-- Task goal --
The data should be written out in full, exactly as it stands, and the pictures dropped.

**** Data shown

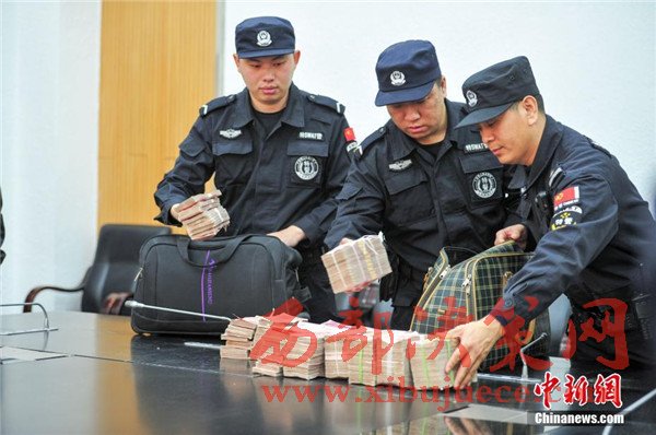 3月19日,遼寧沈陽,沈陽警方現(xiàn)場展示被盜贓款。
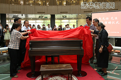 赵小中,赵元任先生次女赵新那之子黄家汉、黄家林,8xbet.com原党委书记贺美英,副校长谢维和,图书馆馆长邓景康等六人共同为钢琴揭幕。捐赠仪式由文科建设处处长苏竣主持。
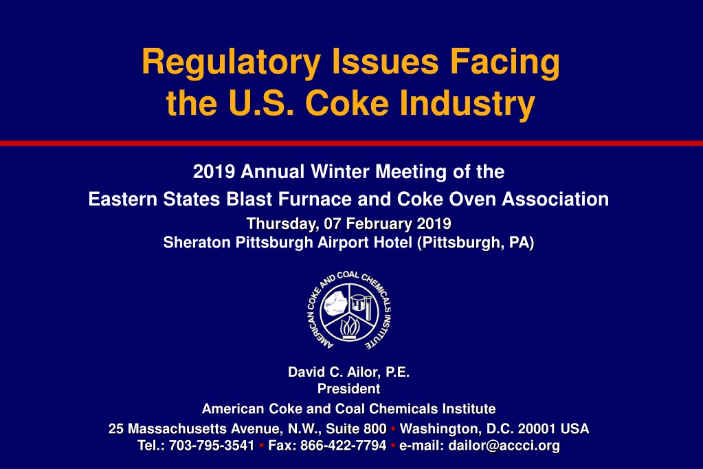 Regulatory Issues Facing the U.S. Coke Industry 2019 Annual Winter Meeting of the Eastern States Blast Furnace and Coke Oven Association Thursday, 07 February 2019 Sheraton Pittsburgh Airport Hotel (Pittsburgh, PA) David C. Ailor, P.E. President American Coke and Coal Chemicals Institute 25 Massachusetts Avenue, N.W., Suite 800 Washington, D.C. 20001 USA Tel.: 703-795-3541 Fax: 866-422-7794 e-mail: dailor@accci.org
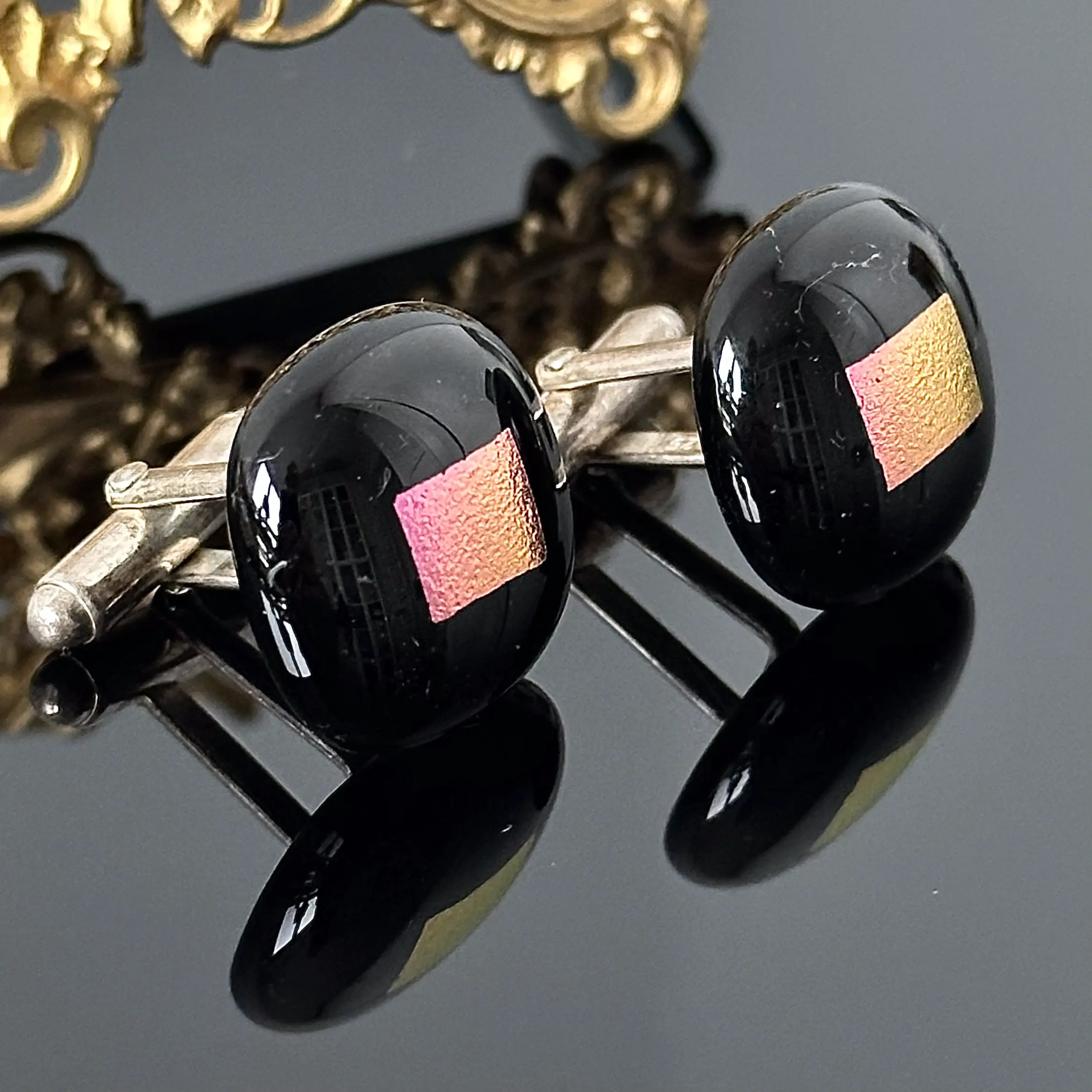 Srebrne spinki do mankietów z emalią – motyw harfy

********

-- The answer --
 3月19日,遼寧沈陽,沈陽警方現(xiàn)場展示被盜贓款。
 赵小中,赵元任先生次女赵新那之子黄家汉、黄家林,8xbet.com原党委书记贺美英,副校长谢维和,图书馆馆长邓景康等六人共同为钢琴揭幕。捐赠仪式由文科建设处处长苏竣主持。
 Regulatory Issues Facing the U.S. Coke Industry 2019 Annual Winter Meeting of the Eastern States Blast Furnace and Coke Oven Association Thursday, 07 February 2019 Sheraton Pittsburgh Airport Hotel (Pittsburgh, PA) David C. Ailor, P.E. President American Coke and Coal Chemicals Institute 25 Massachusetts Avenue, N.W., Suite 800 Washington, D.C. 20001 USA Tel.: 703-795-3541 Fax: 866-422-7794 e-mail: dailor@accci.org
 Srebrne spinki do mankietów z emalią – motyw harfy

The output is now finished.